After a long week of hurriedly stuffing my face with bad food between screenings, I’m finally back from Sundance. How was this year’s crop of films Well, it’s a little silly to generalize about so many films, especially when one couldn’t possibly see them all in the space of a week. But of the ones I did see, most were fine, a couple were less than fine, and two blew me away. Certainly, nothing was as bad as Assassination Nation last year, which is… good
Here’s the rundown:
1. Cold Case Hammarskjöld
Mads Brügger’s latest documentary is a bombshell, that’s the only way to describe it. I echo Mike Ryan in wondering why the findings in this movie aren’t front page news around the world. This was a two-hour film — which Mads actually apologized for before the film, and that’s all we’re really asking with long movies, to know that you really tried to make it shorter and couldn’t — where everyone in the audience stayed for the post-film Q&A. That’s unheard of. It’s possibly the only post-film Q&A that I was sorry to see end.

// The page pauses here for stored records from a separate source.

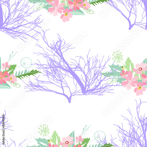 Seamless pattern with summer flowers and leaves on a white background
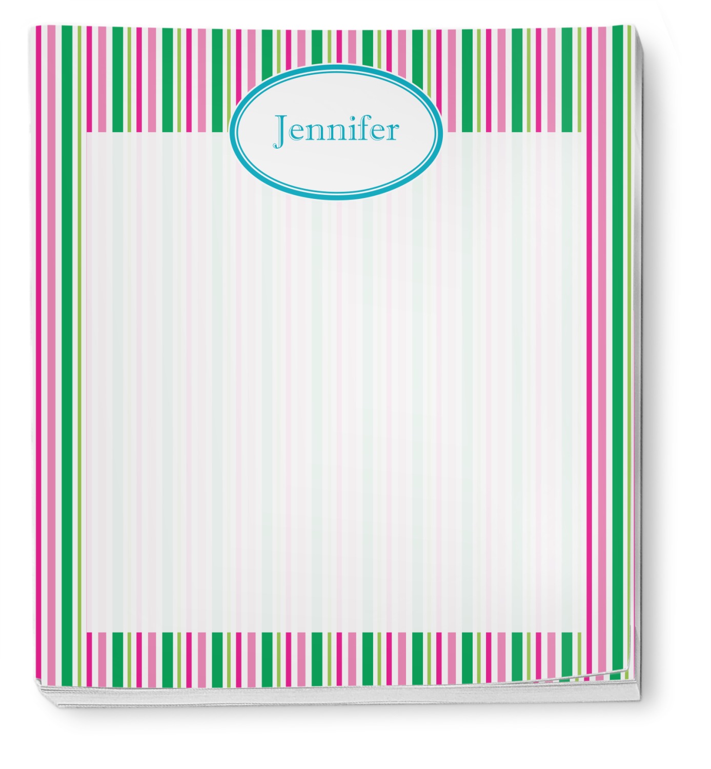 Your custom notepad features 50 sheets of thick, white paper, with your customization in the background and the edges. At approximately 6" x 5.5", these personalized memo pads are slightly larger than your average notepad. The individual notes tear easily from binding, which allows for quick, convenient, note-taking.
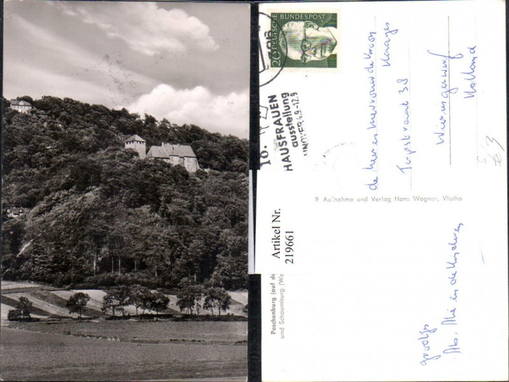 219661,Paschenburg auf dem Kamm u. Schaumburg Wesergebirge 18. Hausfrauenausstellung Stempel
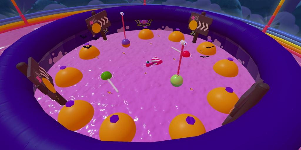Players spawn over one of ten giant yellow Spheres, in a giant bowl filled with slime. Players must move to stay on top of their Sphere as it rolls around to avoid falling. Numerous obstacles throughout the arena may alter the course of the sphere, knocking players off. Invisible Power-Up Spawners in the arena grants the Rubber Chicken Power-Up to players, which can use to knock other players into the slime.
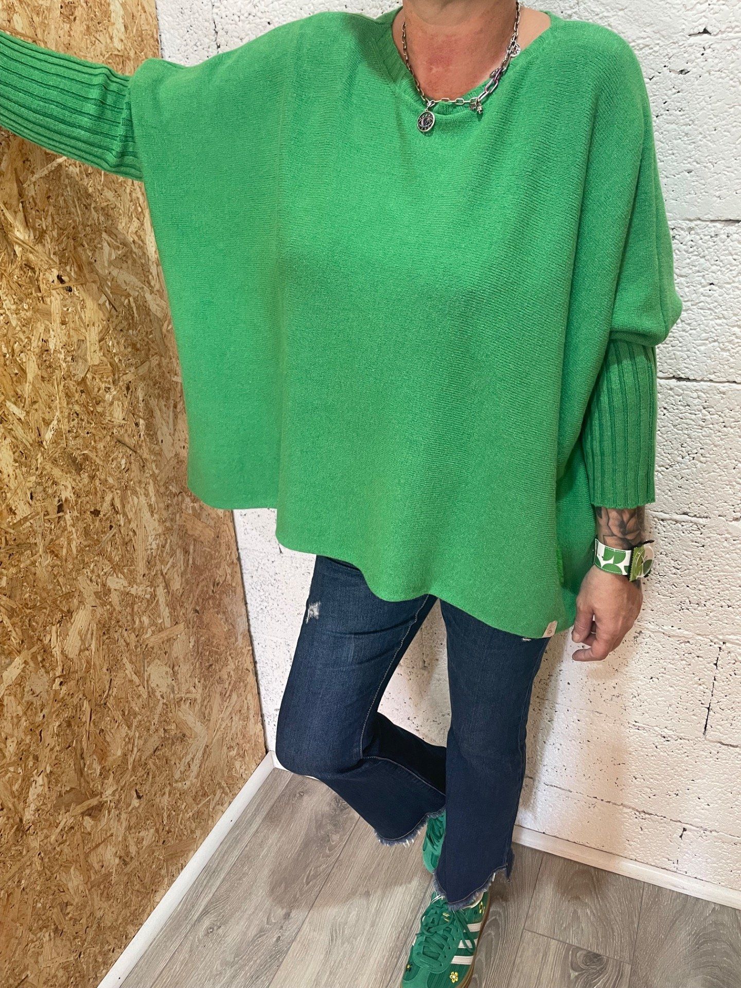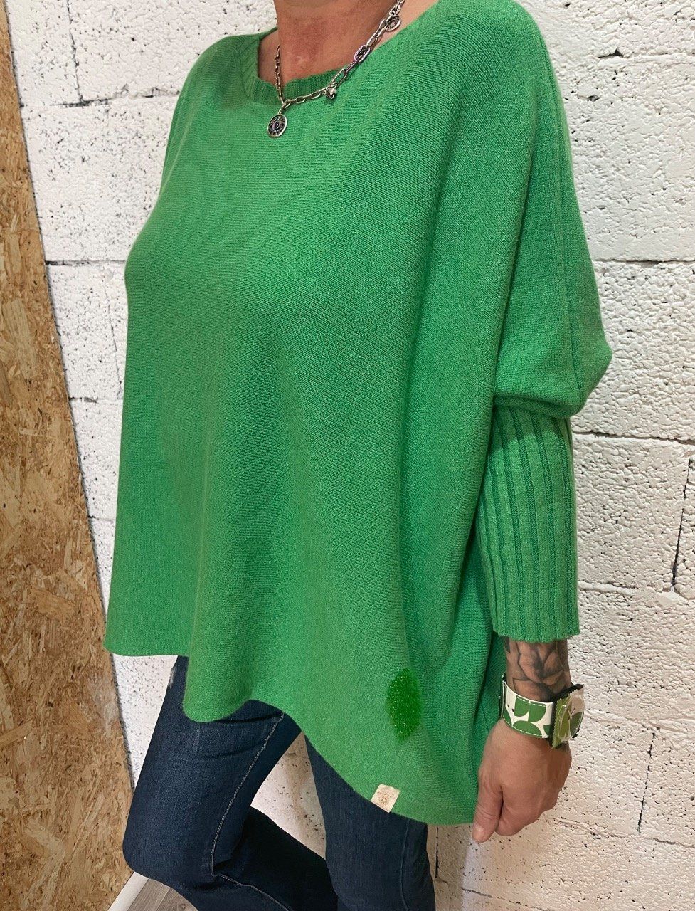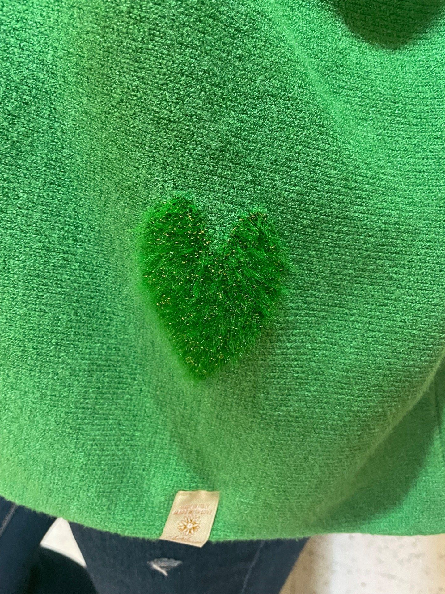 Pull uni coupé fluide , col rond et manches finement travaillées , petit détail cœur ton-sur-ton .
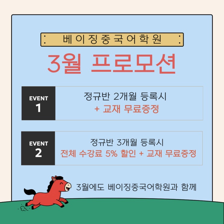안녕하세요. 천안중국어학원 베이징 인사드립니다 -! 모두들 즐거운 점심식사 하셨나요? 오늘은 오후부터 눈이 내리기 시작하네요. 봄기운이 성큼 찾아오려고 하는지 갑자기 날씨가 추워지고 쌀쌀해졌어요. 오전 오후 기온차가 매우 심하니 감기 조심하시길 바랍니다. 오늘은 천안중국어학원 베이징에서 3월 시간표를 소개해드릴게요. * 3월 신규수강생의 경우 레벨테스트 후 ‘신규 개강반’ 또는 ‘기존 수업 진행반’ 中선택 * ★ 정규 시간표 안내 ★ 화목반 : 3월3일(화) ~ 3월26일(목) (8회) 월수반 : 3월2일(월) ~ 3월25일(수) (8회) 월수금 : 3월2일(월) ~ 3월27일(금) (12회) 주말반 : 3월7일(토) ~ 3월28일(토) (4회) ★ 수강료 할인혜....... <img src="https://blogthumb.pstatic.net/MjAyNjAyMjRfMjQx/MDAxNzcxOTA3NTUwMDY4.p8tfV9kabc2D5dNdO9Mij6xFccTtAmczcJ7FMVYoF3Eg.n8ku67SNpi-w3teQpeYo1UaXr6RjaYkL_4FunqyG97cg.JPEG/%C1%A6%B8%F1%C0%BB-%C0%D4%B7%C2%C7%D8%C1%D6%BC%BC%BF%E4_-009.jpg?type=s3" />
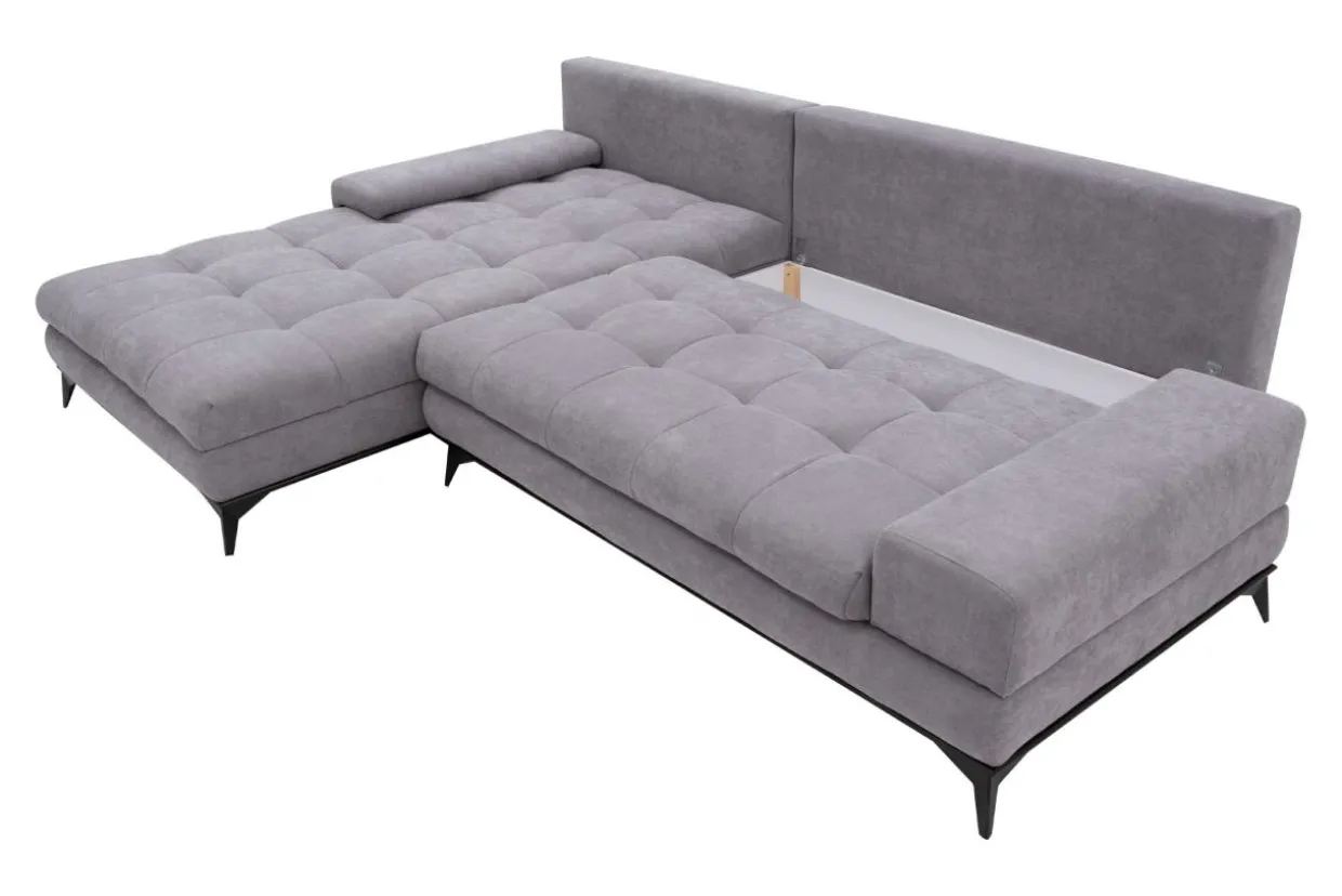 Narożnik posiada mechanizm DL – pozwalający na płynne i nie wymagające większego wysiłku rozłożenie. Otrzymamy posłanie o powierzchni spania 132×247 cm.
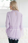 This beautiful blouse is perfect for pairing with skirts or jeans and will have you date night and Sunday church ready! The pretty blouse has a high neck, lace inserts and bell sleeves.
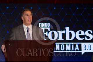 CIUDAD DE MÉXICO, 26SEPTEIMBRE2016.- José Antonio Meade Kuribeña, secretario de Hacienda y Crédito Público, participó en la inauguración del foro “Forbes Economía 3.0”, en las instalaciones del Hotel St. Regis. Durante la ceremonia le fue otorgado un reconocimiento a la excelencia empresarial a Roberto Hernández Ramírez. FOTO: GALO CAÑAS /CUARTOSCURO.COM
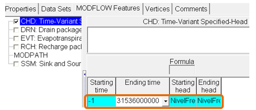 14. Now define times for objects that define the boundary conditions. Let’s start with “Botadero” (Waste dump), double click the object, then on MODFLOW Features we enter the following
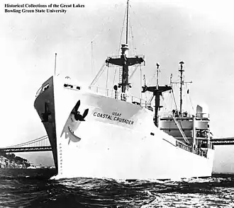 The US Navy acquired Coastal Crusader from the Air Force in 1964, a placed her in service with the Military Sea Transportation Service (MSTS) and redesignated her a Missile Range Instrumentation Ship, USNS Coastal Crusader (T-AGM-16). Navy records indicate Coastal Crusader was redesignated as a Survey Ship, Coastal Crusader (AGS-36) in 1969, and finally struck from the Navy List on 30 April 1976.[4][2]
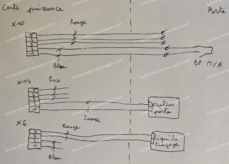 Je viens de contrôler les fils : les 3 fils rouges et les 2 fils bleus qui arrivent sur la porte viennent bien du même connecteur sur la carte de puissance, la continuité est OK.
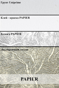 Валиком со средним ворсом нанести на поверхность клей-краску толстым слоем. Не давая высохнуть клей-краске приклеить заранее подготовленные куски бумаги на поверхность и пригладить ладонью руки или обойным шпателем (без сильного нажима). Бумага клеится в нахлест 1-5 см. Чтобы избежать видимых стыков, края бумаги подогнуть и оформить как складки с общим рисунком. Нанести второй слой (тонкий) клей краски (по желанию можно колеровать). После полного высыхания (24 часа) материал можно покрасить краской, нанести матовую лессировку для подчеркивания рисунка или покрыть перламутровой лессировкой. Для улучшения эксплуатационных свойств на высохшую поверхность нанести лак.
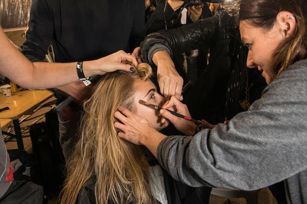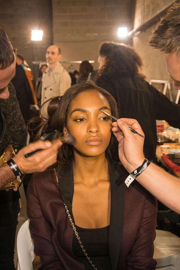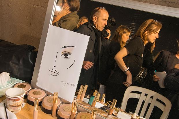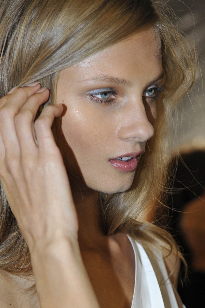 Côté coiffure, un savant coiffé décontracté inspiré des filles françaises parfait une allure majestueuse. Quelques minutes avant le défilé, le chic français commençait à gagner les coulisses. Les tops Arizona Muse, Constance Jablonski et Anja Rubik illuminent ses quelques instants avant le rush.
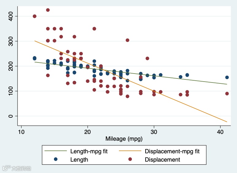 twoway (scatter length displacement mpg) (lfit length mpg) (lfit displacement mpg),legend(label(1 "Length") label(2 "Displacement") label(3 "Length-mpg fit") label(4 "Displacement-mpg fit") textfirst)

It was obvious as soon as the credits rolled that there’d be a rush to discredit Brügger, and the New York Times has already questioned whether Cold Case Hammarskjöld “revives dubious conspiracy theories,” or that it could lead people to be suspicious of doctors trying to fight AIDS in Africa. Which is certainly a fair concern, but also doesn’t refute the truth of what Brügger found. The author of that piece also quotes a Times review of Brügger’s last movie “questioning whether Brügger was trustworthy,” though the linked piece (a review) doesn’t offer any evidence of it.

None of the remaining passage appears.